[Supplied data — start]

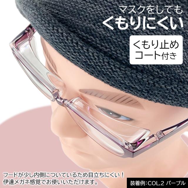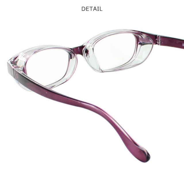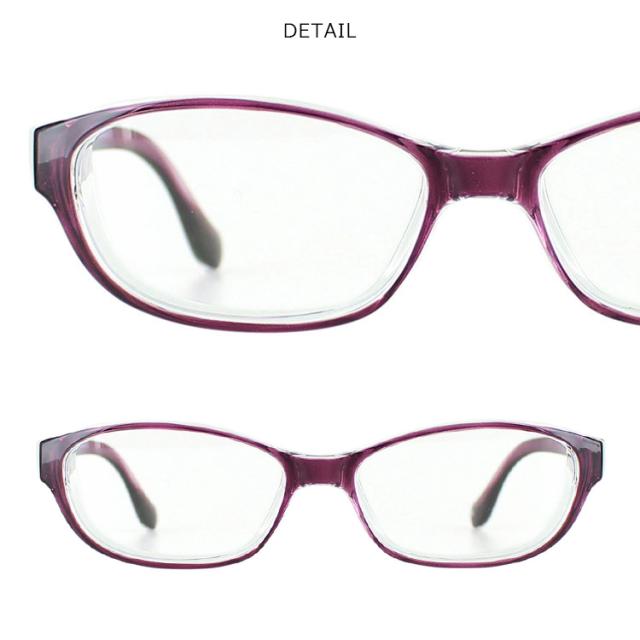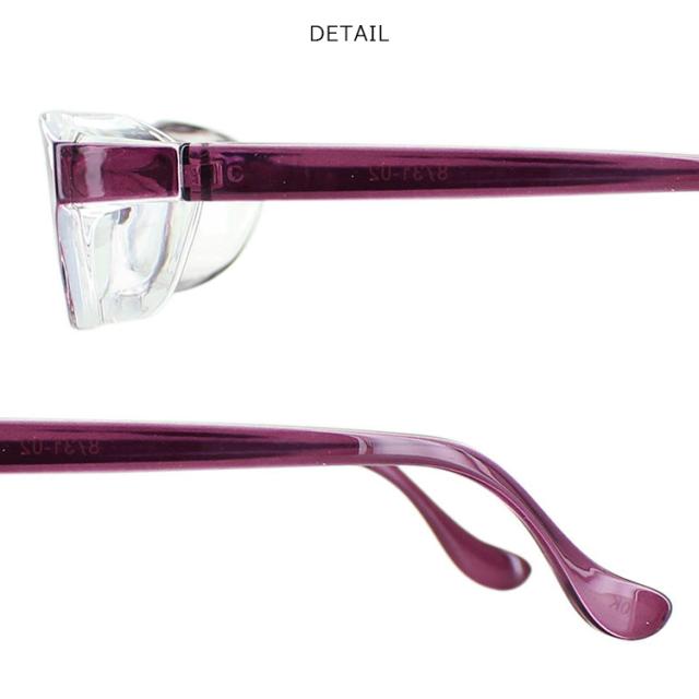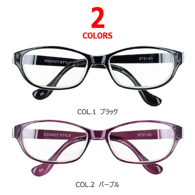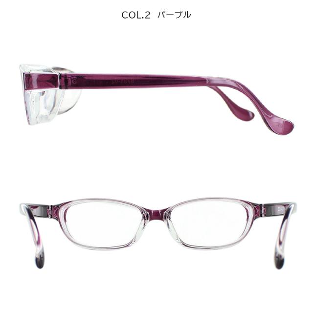 | ●フレームカラー(全2色) COL.1 ブラック COL.2 パープル ●レンズカラー(共通) クリア | レンズ枠素材:プラスチック テンプル素材:プラスチック レンズ素材:プラスチック ●仕様 紫外線99%カット 可視光線透過率94% |
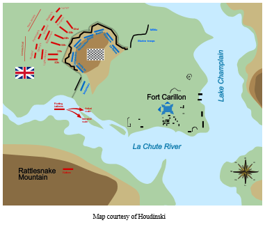 All the advantages, that is, but one: generalship. If Howe exemplified leadership at its best, the opposite must be said of Abercromby. Convinced of faulty intelligence, haste informed his every action. To begin with, he had no need to attack at all. Abercromby had the option of fixing the French on the heights, deploying guns to Rattlesnake Mountain, while sending the rest of his army to cut the road to Fort St. Frédéric, forcing Montcalm to do battle in the open or starve where he was. Thus, the French army might have been bagged en masse, and the war in North America, for all intents and purposes, ended. Once he determined to force the issue, Abercromby had no reason to rush into an attack before a proper reconnaissance had been done. He himself did not lay eyes on the ground until the battle was well underway. At his war council the morning of the battle, during which a general-in-chief typically asked of his subordinate commanders their opinions of certain tactical options, the only input he sought was whether the attack should be made in regimental ranks of three or four.[32]
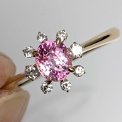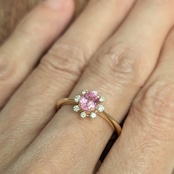 夏の夜空に「ニパッ」と大きく咲いた打ち上げ花火のように、花開いたデザインのリング。メレダイヤ同士が離れて配置されている点がポイントです。メインのピンクサファイアは、「パステル・ピンク」のカラーグレード。イエローゴールドの艶めきに後押しされて、ダイヤモンドの輝きと共にとても可憐な美しさを放っています。ピンク色は老いも若きも女性も男性も人の心をウキウキさせる魔法を持っています。身に着けるあなたにも、そしてそんなあなたと時間を共にしてくれるお相手にも・・・☆
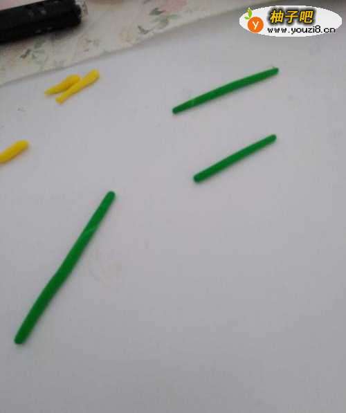 4绿色粘土,同样三条,搓成如图所示的棒状
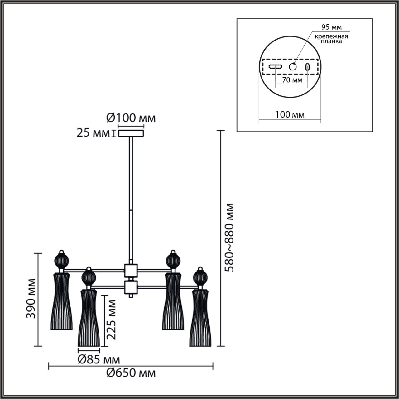 Светильник Высота без цепи, мм
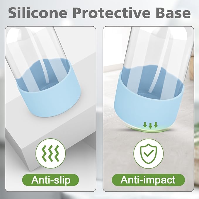 - Silicone Sleeve Protection: The bottom of the glass spray bottle is protected by an added silicone sleeve. The soft silicone is non-slip and slows the impact on the bottle, making glass bottle more sturdy.
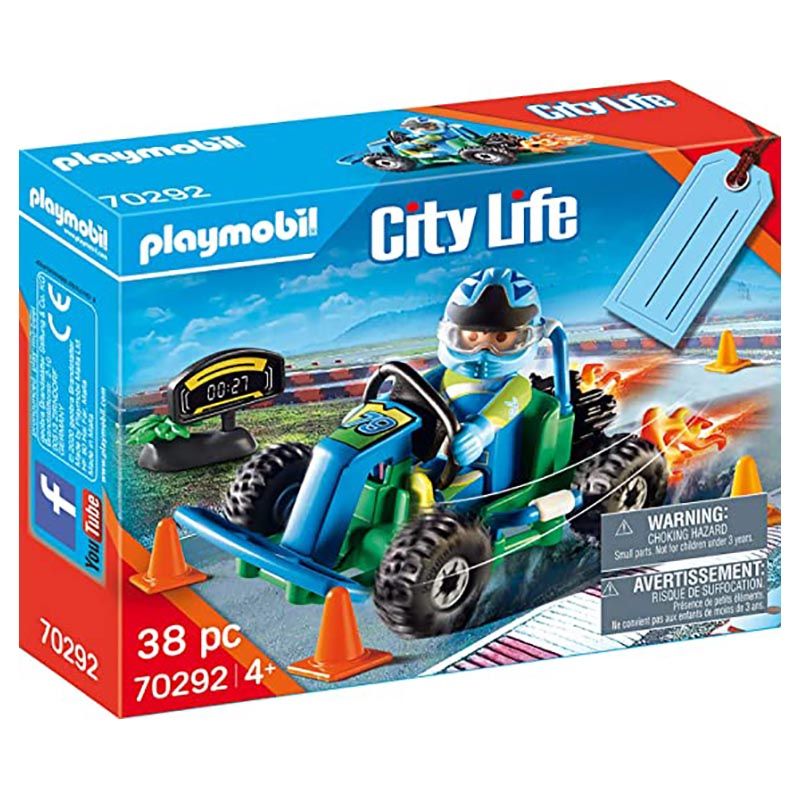 - The Go-Kart Racer Gift Set features a kart for 1 figure, and a movable steering wheel. The playset also includes traffic cones for building a race track, and the packaging features a gift tag to complete!
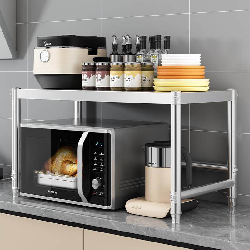 厨房用品不锈钢微波炉置物架台面加高一层升高多功能烤箱收纳层架
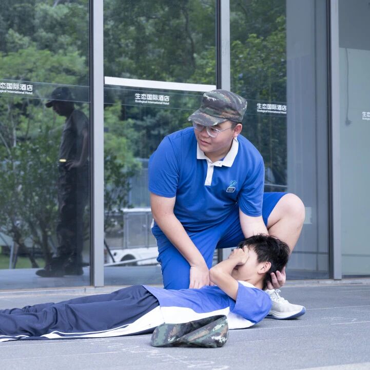 在教官指导下,大家快速掌握环形包扎、“8” 字包扎等方法,细心为 “伤员” 固定伤口。
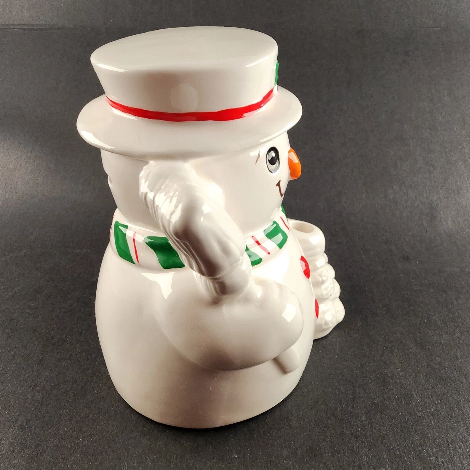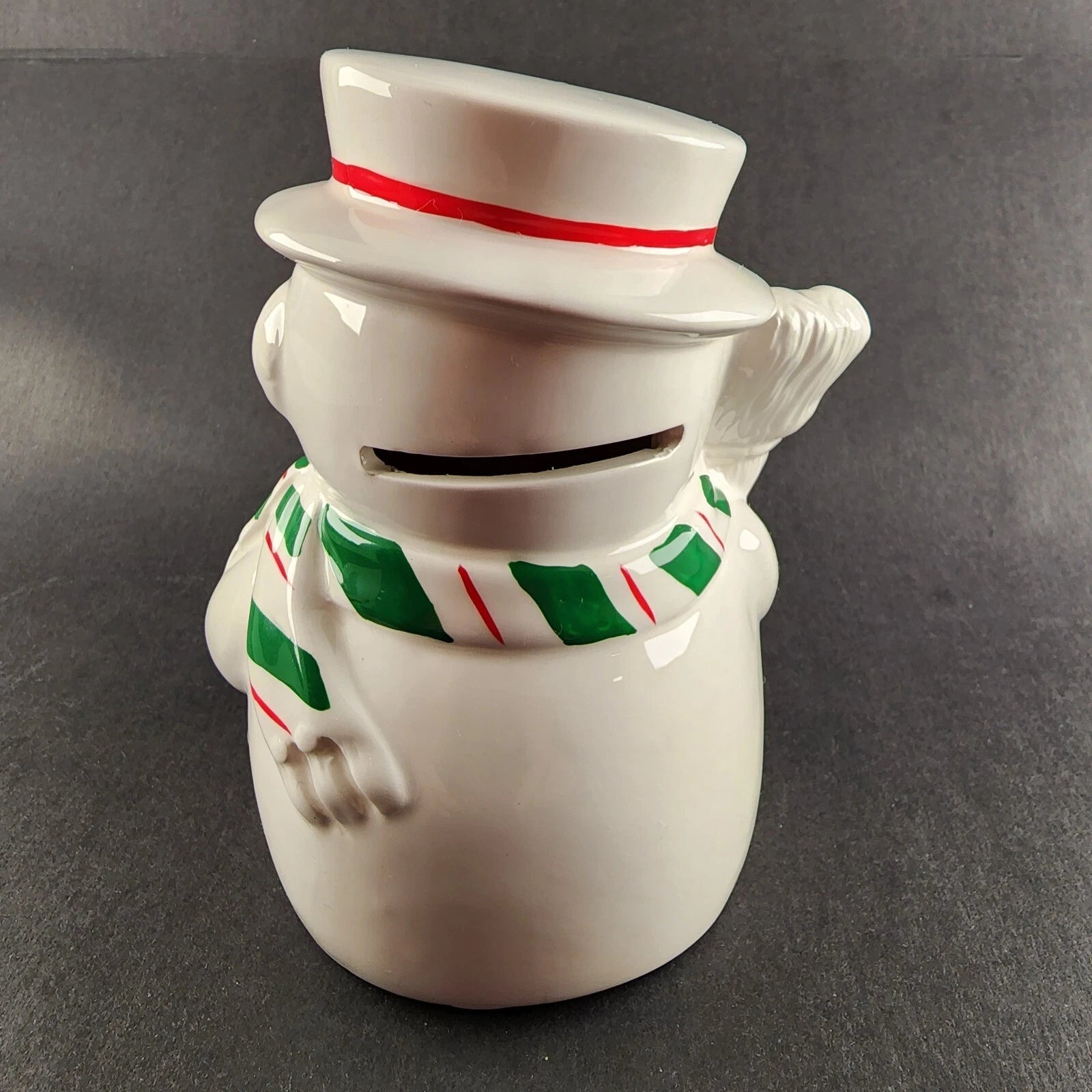 Charming vintage 1980s Russ Berrie ceramic snowman coin bank - a festive collectible perfect for holiday décor or as a gift!
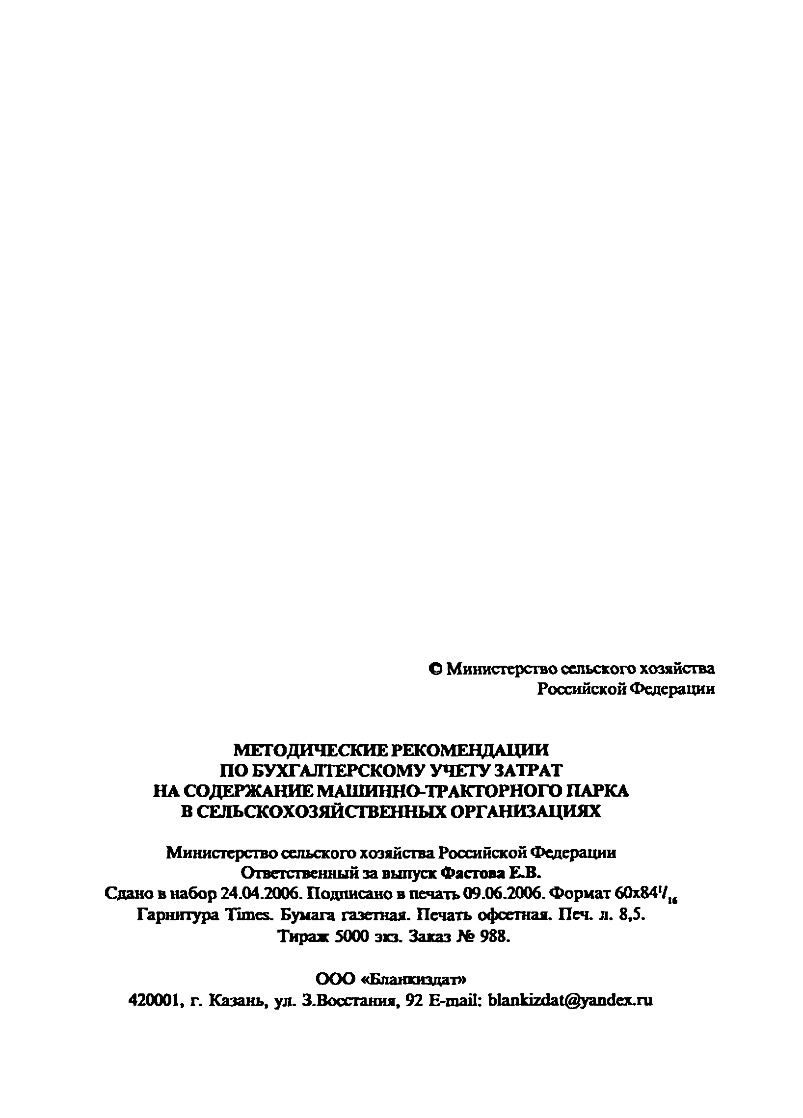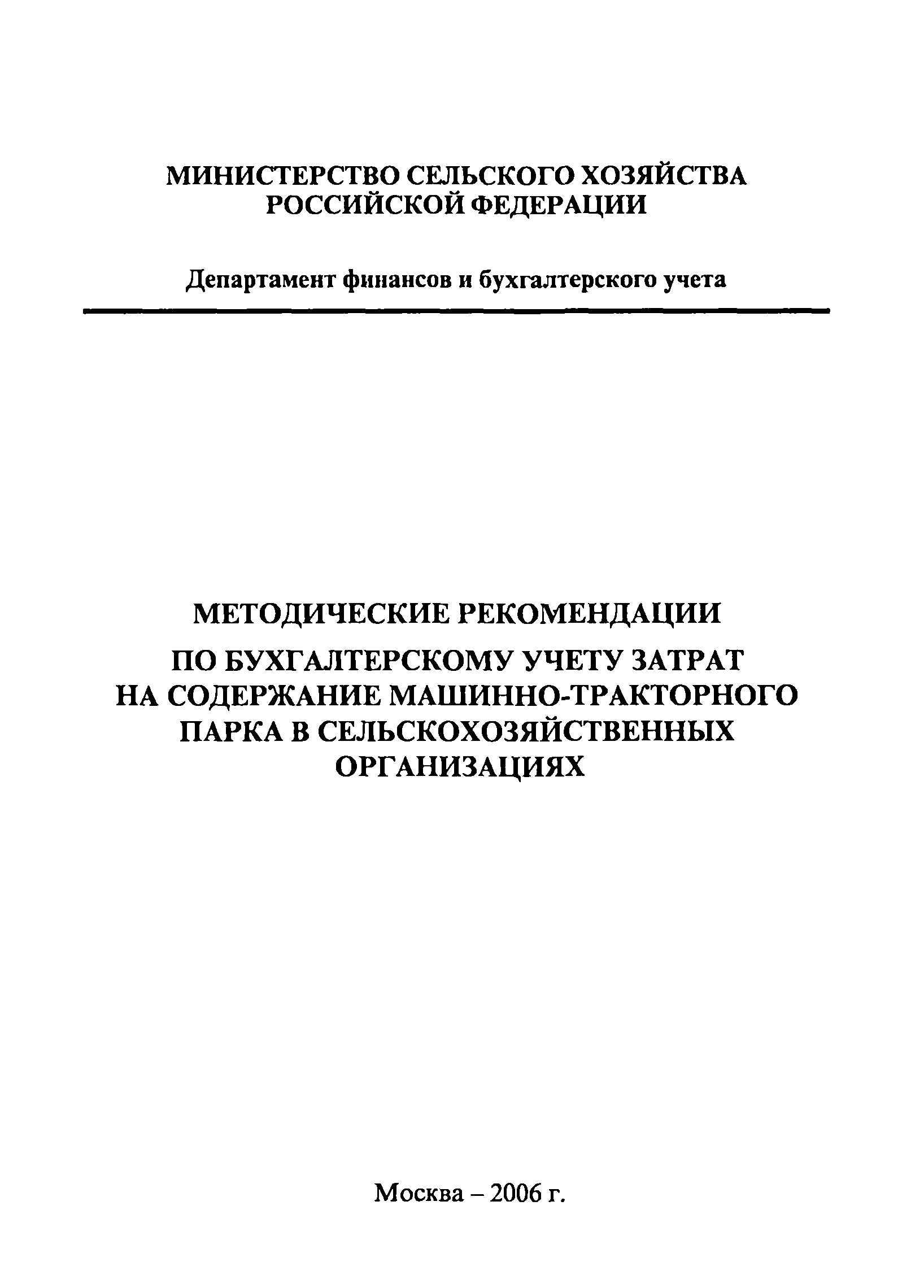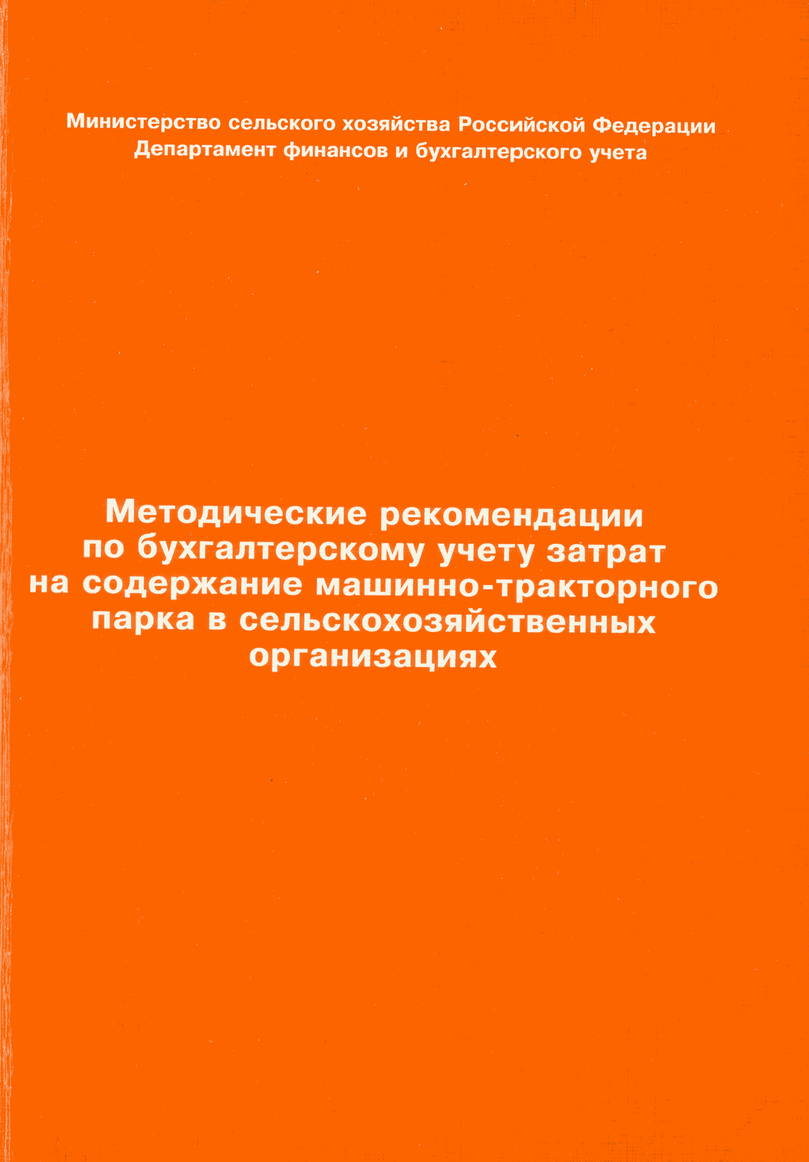 | Название рус.: | Методические рекомендации по бухгалтерскому учету затрат на содержание машинно-тракторного парка в сельскохозяйственных организациях |

[Supplied data — finish]

• [Goal of the exercise] The records above are to be transcribed word for word. Skip the images.

• [Solution to the exercise]
 | ●フレームカラー(全2色) COL.1 ブラック COL.2 パープル ●レンズカラー(共通) クリア | レンズ枠素材:プラスチック テンプル素材:プラスチック レンズ素材:プラスチック ●仕様 紫外線99%カット 可視光線透過率94% |
 All the advantages, that is, but one: generalship. If Howe exemplified leadership at its best, the opposite must be said of Abercromby. Convinced of faulty intelligence, haste informed his every action. To begin with, he had no need to attack at all. Abercromby had the option of fixing the French on the heights, deploying guns to Rattlesnake Mountain, while sending the rest of his army to cut the road to Fort St. Frédéric, forcing Montcalm to do battle in the open or starve where he was. Thus, the French army might have been bagged en masse, and the war in North America, for all intents and purposes, ended. Once he determined to force the issue, Abercromby had no reason to rush into an attack before a proper reconnaissance had been done. He himself did not lay eyes on the ground until the battle was well underway. At his war council the morning of the battle, during which a general-in-chief typically asked of his subordinate commanders their opinions of certain tactical options, the only input he sought was whether the attack should be made in regimental ranks of three or four.[32]
 夏の夜空に「ニパッ」と大きく咲いた打ち上げ花火のように、花開いたデザインのリング。メレダイヤ同士が離れて配置されている点がポイントです。メインのピンクサファイアは、「パステル・ピンク」のカラーグレード。イエローゴールドの艶めきに後押しされて、ダイヤモンドの輝きと共にとても可憐な美しさを放っています。ピンク色は老いも若きも女性も男性も人の心をウキウキさせる魔法を持っています。身に着けるあなたにも、そしてそんなあなたと時間を共にしてくれるお相手にも・・・☆
 4绿色粘土,同样三条,搓成如图所示的棒状
 Светильник Высота без цепи, мм
 - Silicone Sleeve Protection: The bottom of the glass spray bottle is protected by an added silicone sleeve. The soft silicone is non-slip and slows the impact on the bottle, making glass bottle more sturdy.
 - The Go-Kart Racer Gift Set features a kart for 1 figure, and a movable steering wheel. The playset also includes traffic cones for building a race track, and the packaging features a gift tag to complete!
 厨房用品不锈钢微波炉置物架台面加高一层升高多功能烤箱收纳层架
 在教官指导下,大家快速掌握环形包扎、“8” 字包扎等方法,细心为 “伤员” 固定伤口。
 Charming vintage 1980s Russ Berrie ceramic snowman coin bank - a festive collectible perfect for holiday décor or as a gift!
 | Название рус.: | Методические рекомендации по бухгалтерскому учету затрат на содержание машинно-тракторного парка в сельскохозяйственных организациях |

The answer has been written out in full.